Он дал этому миру вакцину от чумы, водопровод и масляные фонари, автоматические арбалеты, городские бани, деревенские школы, ирригационные каналы, мощёные булыжником дороги, порты и верфи, театры, суды, золотую валюту, голубиную почту и собак-поводырей. Высокие, кристально чистые белые воротнички, прямые брюки, женские туфли-лодочки, чернильницы-непроливайки, грифельные карандаши и Праздник Выпускного, любовь к чтению, лён, картофель и рис, мороженое и спаржу. Он развил и укрепил селекцию, астрономию, медицину и искусство. Он построил столицу. Он научил людей играть в футбол и теннис, в «ты мне доверяешь?» и даже в «двадцать одно». Средневековая жизнь оказалась не ахти какой сложной, – только нужно было вовремя подавить в себе брезгливость – а вносить в неё новаторства оказалось весьма увлекательным. Дворянские семьи мечтали выдать за него замуж своих дочерей, феодалы-соседи клялись в вечной дружбе, придворные франты копировали его грусть, сделавшуюся новым веянием моды, простоту в одежде, мягкий, тихо рокочущий голос, смелость не скрывать под париком свои седеющие, коротко подстриженные светлые волосы и привычку бриться. Людям он нравился. Потихоньку они готовили для него памятники и страницы в будущих книгах истории.
На самом деле Акселя Первого звали, конечно, иначе. Но этот мир запомнил его лишь под таким именем, тогда как в другом, родном, его начали потихоньку забывать.
Много времени прошло. Сочли погибшим.
Поэтому он вполне имел право на то, чтобы грустить. Он-то не забыл ничего и был жив.
Она никогда не спрашивала, откуда он взялся – просто однажды обнаружила сидящим на пороге. Была поздняя зима, он казался замёрзшим, и она пригласила его внутрь, чтобы накормить чашкой горячего супа.
– Раз пришёл, то живи. Только помогай по дому.
И он поселился на чердаке и помогал – мыл посуду и пол, ремонтировал и паял, таскал тяжёлые сумки, белил, штукатурил и красил. У него были золотые руки. Они могли починить всё, что угодно, начиная от потёкшего крана на кухне и заканчивая мотором её старой «Каденции», которой шли уже восемнадцатый год и совершенно немыслимая сумма пробега. Соседям он тоже чинил: тостеры, часы, велосипеды, плиты и холодильники, ёлочные гирлянды и детские радиоуправляемые игрушки. Денег он не брал категорически, но соседи наловчились прятать их ему в карман, когда благодарно обнимали и похлопывали по спине.
Всё, найденное в карманах, он отдавал ей.
– Это твоё, чудак. Ты сам заработал! – она хохотала и пыталась вернуть.
Он прятал руки.
– Так дело не пойдёт. Завтра поедем по магазинам и что-нибудь тебе выберем. Что ты хочешь? Одежду, книги, стереосистему, свой автомобиль?

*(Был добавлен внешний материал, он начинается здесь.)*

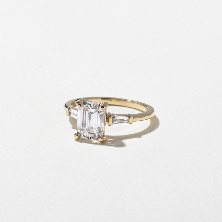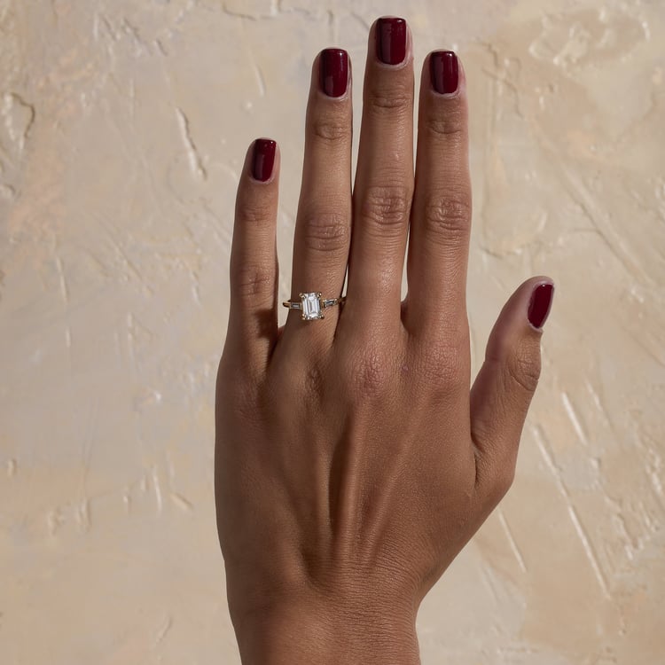 Shown with a 1.56ct F/VS2 lab-grown emerald cut diamond and 0.20ctw lab-grown tapered baguette diamonds.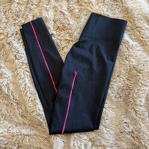 Tonal active stitch seam along back legline with X embroidery at top for stocking-inspired look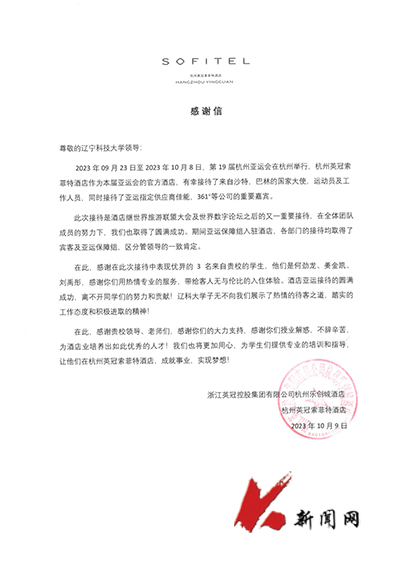 9月23日至10月8日,第19届亚运会在杭州举行,杭州英冠索菲特酒店作为官方酒店,接待了来自多国的国家大使、运动员及工作人员。易游应用技术学院旅游管理专业2020级学生何劲龙、姜金凯、刘禹彤3名在该酒店实习的学生有幸参加了全程接待工作。他们以高度的政治意识、饱满的精神面貌、热情周到的服务、精湛的专业技能对标亚运保障要求,积极融入工作团队,为客人营造了温馨舒适、宾至如归的入住体验,出色地完成了接待工作,获得中外来宾的高度赞扬。酒店领导向学校发来感谢信,盛赞易游(中国)学生在亚运会服务期间的出色表现,彰显了东道主热情的待客之道、踏实的工作态度和积极进取的精神。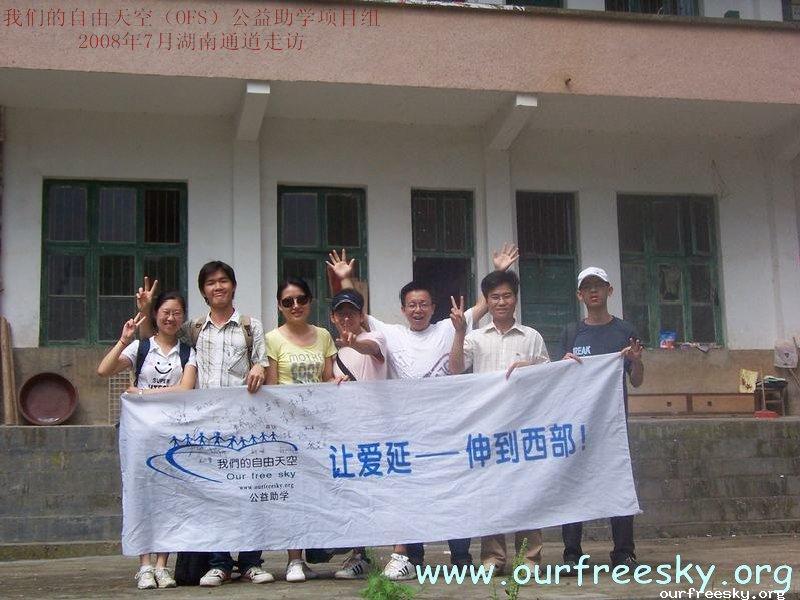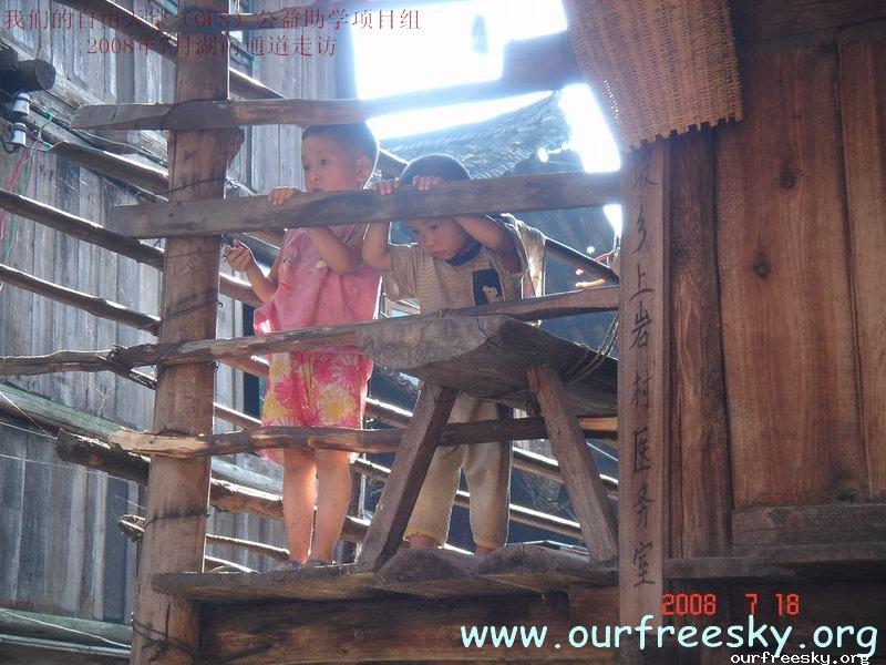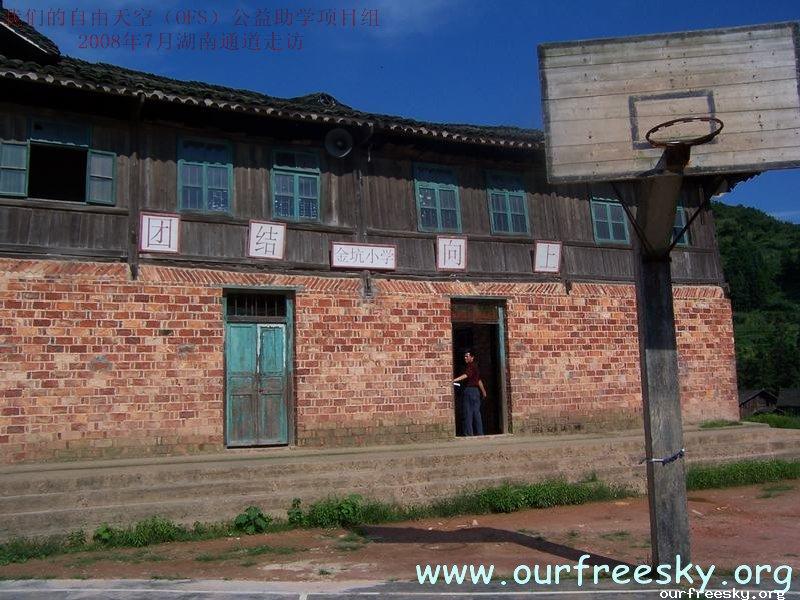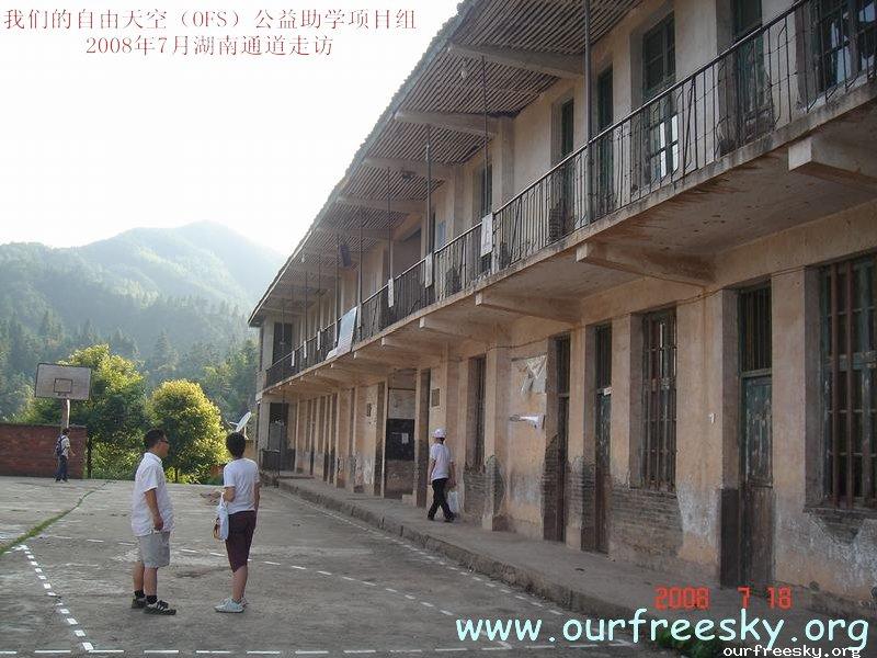 2008年7月15日我们一行四人踏上了前往湖南省怀化市通道县独坡乡走访的路程,此次活动一共有六个志愿者,另外的两名志愿者本身就在湖南工作,我们约定好在怀化汇合。前期我们为那里的小朋友买了礼物,是一些铅笔、水笔和糖果。此行的目的主要是帮助“我们的自由天空——OurFreesky”(www.ourfreesky.org)公益助学组织去收集贫困生的资料,帮助他们完成前期的准备工作。坐了20多个小时的火车终于到了怀化,晚上8点多六人汇合了。没有做任何的停留我们六个人又座火车前往通道县。坐了4个多小时的火车,在半夜12点多我们终于到了通道县的火车站,又座了将近1个小时的汽车我们终于到了县城。将近30个小时的颠簸大家都累坏了,半夜1点多我们找了一家旅店住下。(没有想到这是我们在通道县睡的最好的一天了,在随后的几天走访中我们几乎都是半夜2、3点钟才睡,而且第二天早早的就要起来上路。)7月17日我们乘坐早上的汽车前往了独坡乡,就是我们要走访的地方。(每天从通道县到独坡乡只有早晚两趟车,那里的交通不是很发达。)那里的房屋几乎都是木质的,一层养些牲畜,二层是住人的,屋里都很黑暗。坐了将近1个小时的汽车我们终于到了独坡九年一贯制学校(独坡中心校),也是这里最大的学校和这里唯一的一所初中,下面所有乡里的小学也都是他们管理的。这里都是山,学校也是建在山上,一进学校我们看见的是一个长满杂草的操场,也是这里的孩子平时所活动的地方,简陋的设施下,孩子们在赤脚打篮球。龙校长接待了我们,此次陪同我们走访的是粟兰兵书记。他们向我们简单的介绍了一下这里的情况,这里一共有八寨十二村(我们走访了八寨十村),在这里的孩子学费是全免的,只需交些杂费,孩子们的家离这里都很远,他们没有钱来坐车,而且有很多的地方是车是根本就走不了的,只能靠走路上学,要走2个多小时的山路,孩子们几乎都在学校住,每周回家后就带上这一周的米和菜,每餐一元左右的饭钱对于这里的一些孩子来说也是相当大的数目,粟老师向我们介绍说,学校以前曾经做过鸡蛋和肉菜,但是没有几个孩子舍得买,几乎都坏掉了。这里的孩子都是吃自己每周从家里带的腌菜。一年四季几乎都是一双鞋,有的孩子甚至冬天了还在穿凉鞋。夏天的时候他们几乎都是在打赤脚。龙校长和粟老师和我们讲,这所学校一共有74名教职工,但是只有14套房屋,大部分的老师只能住楼梯间和大礼堂。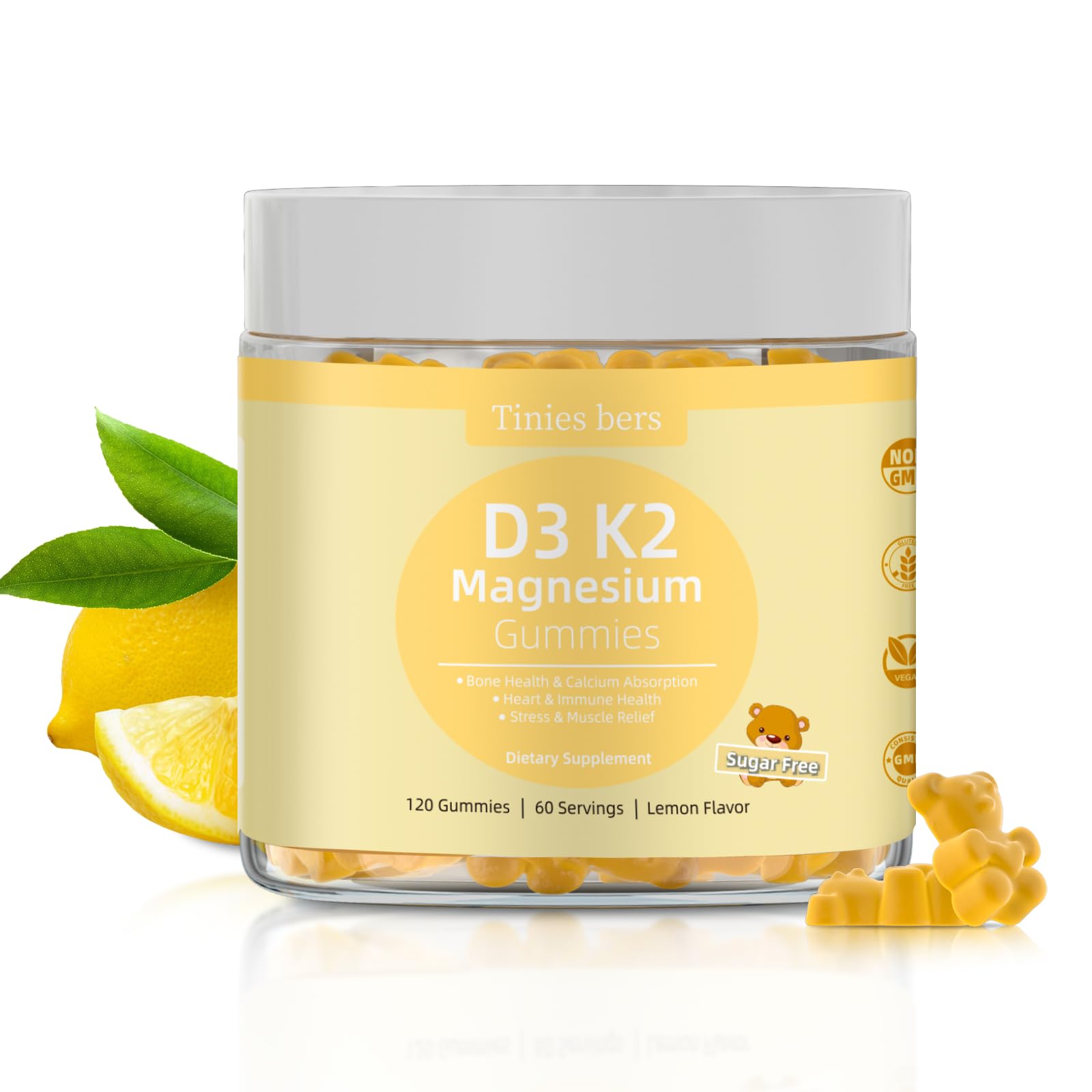 Yummy and Health: Tinies bers vitamin d3 k2 magnesium gummies with a soft texture and lemon flavor, are GMP compliant and Lab-tested. If you receive Tinies bers product with any problems, please contact us immediately. The EXP date and production batch number are at the bottom of each bottle. Sugar Free Gummies: All gummies supplements offered by Tinies bers are sugar free (no sugar or cane sugar), no sugar coating and no sugar within. The added xylitol replaces traditional sugar, giving magnesium glycinate d3 k2 gummies a sweet taste too. 1 1 1 3 Health Benefits: Magnesium glycinate support stress and muscle relief , sleep and nerve health. Together with vitamin D3, they promote calcium absorption and maintains calcium magnesium balance. Vitamin K2 guides calcium into the bones, supporting bone and immune health. K2 D3 Magnesium: Vitamin D3 5000IU and vitamin K2 100mcg. Higher doses are required because people have varying absorption efficiencies. Vitamin D3 K2 are good partners that can synergistically promote calcium absorption. Meanwhile, magnesium is also an essential mineral for calcium absorption. Magnesium Glycinate Gummies: Tinies bers magnesium gummies contain magnesium glycinate 500mg per serving. Magnesium glycinate is the most absorbable form of magnesium. 100 minerals magnesium supplement gummies!.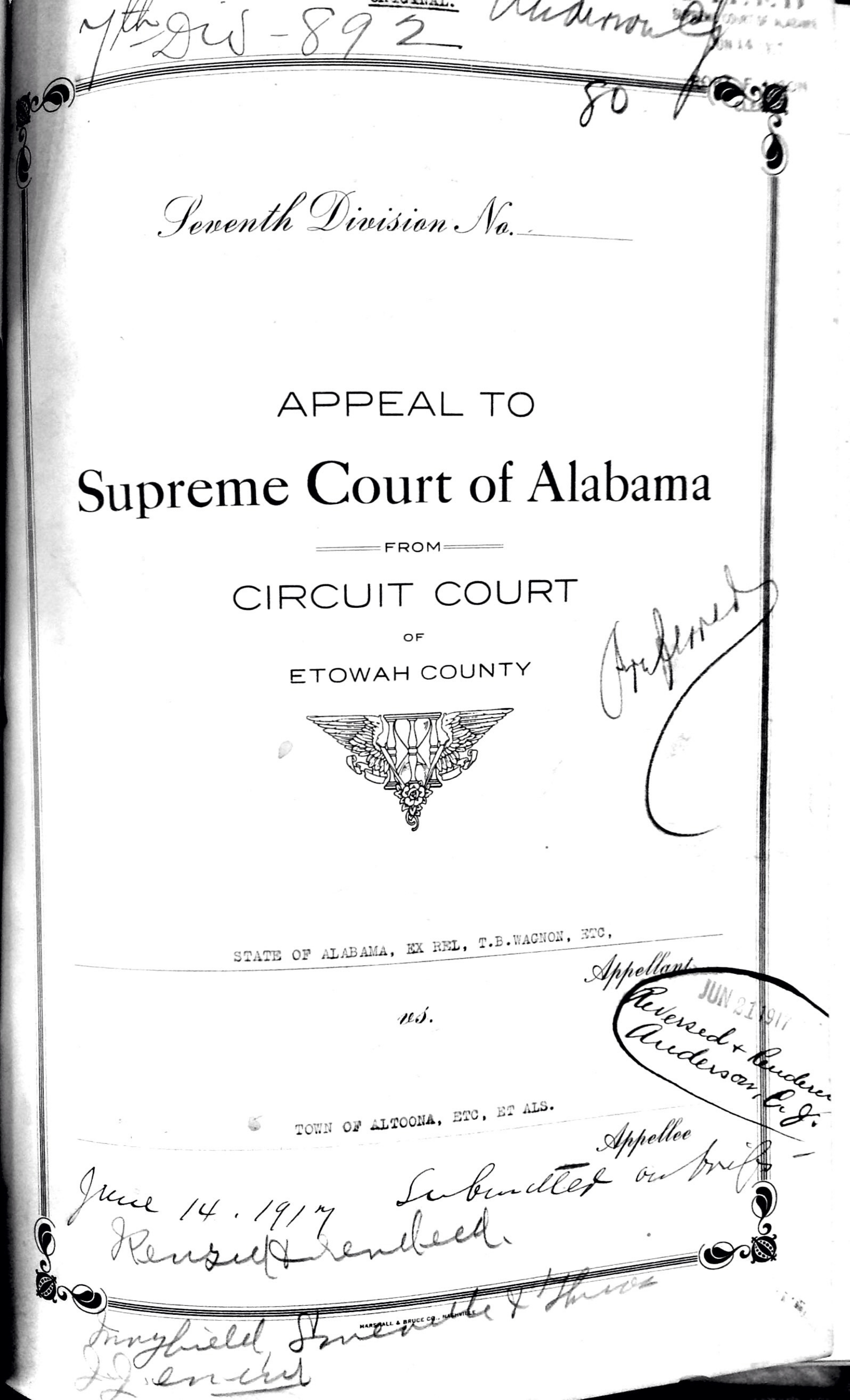 [5] “Appeal to Supreme Court of Alabama,” 7th Div-892, Alabama Department of Archives & History, ADAH-SC2347,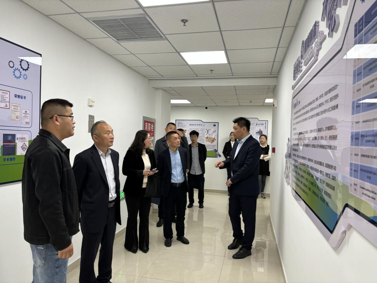 调研团一行参观了大学科技园的展厅、科研平台及外国专家工作室。张建功介绍了园区在创业孵化、人才培养、资源集成、技术转移以及科研平台等方面的建设情况。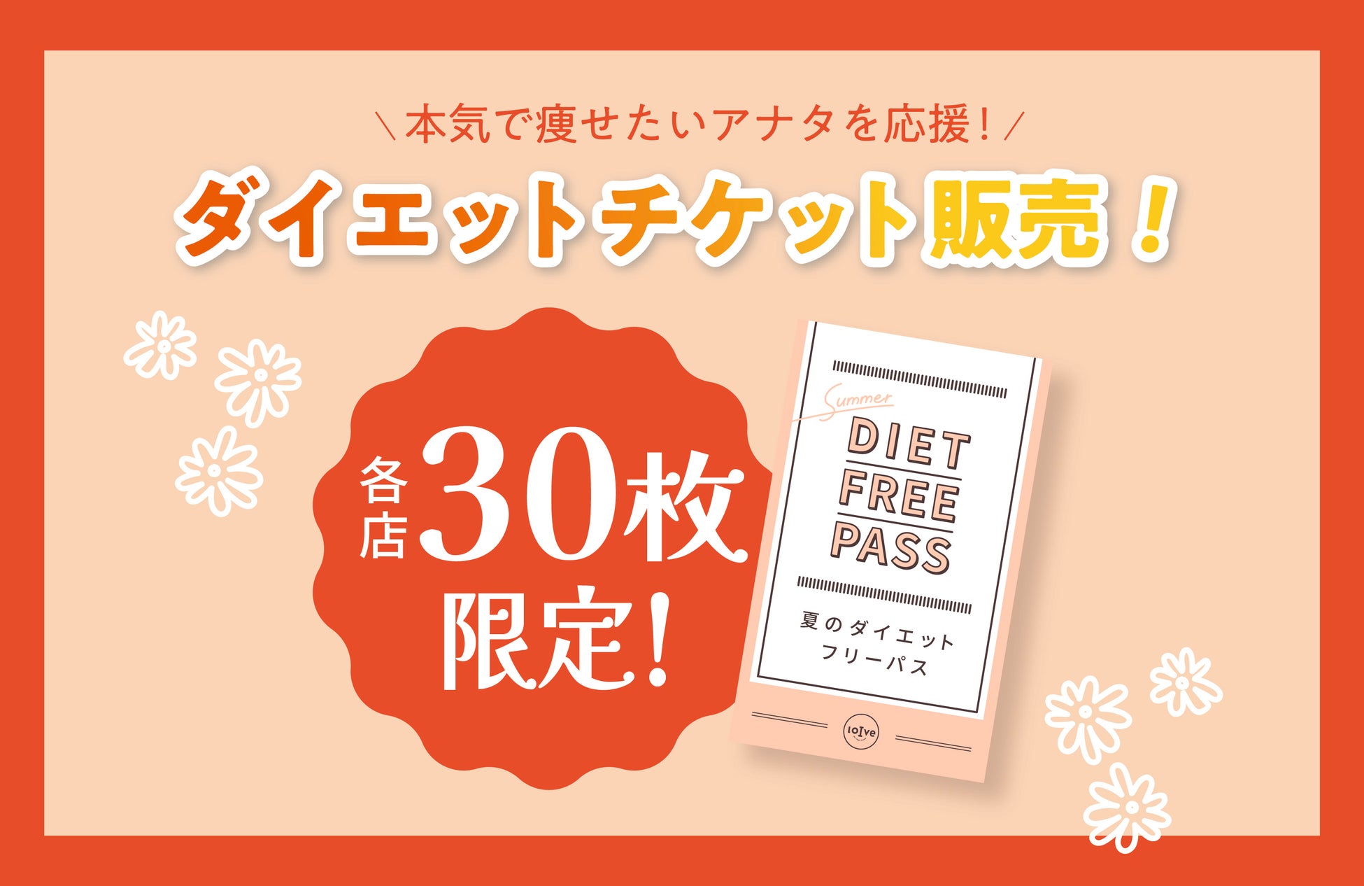 毎年大人気、1日1回通える「夏のダイエットフリーパス」を、今年も各店限定30枚で販売。本気で自分を変えたいあなたを応援します。

Он говорил, что, если что-то на эти деньги и купит, то лишь для дома – продукты и необходимое в хозяйстве. В конце концов согласился на старый добрый пленочный фотоаппарат. И первым же снимком запечатлел её, весёлую и черноволосую. А потом попросил развести в миске шампунь и пристрастился фотографировать мыльные пузыри со всем, что в них отражалось. Там был целый мир, не больше и не меньше, и она проявляла пленки, а наиболее удачные кадры распечатывала и вешала на стену.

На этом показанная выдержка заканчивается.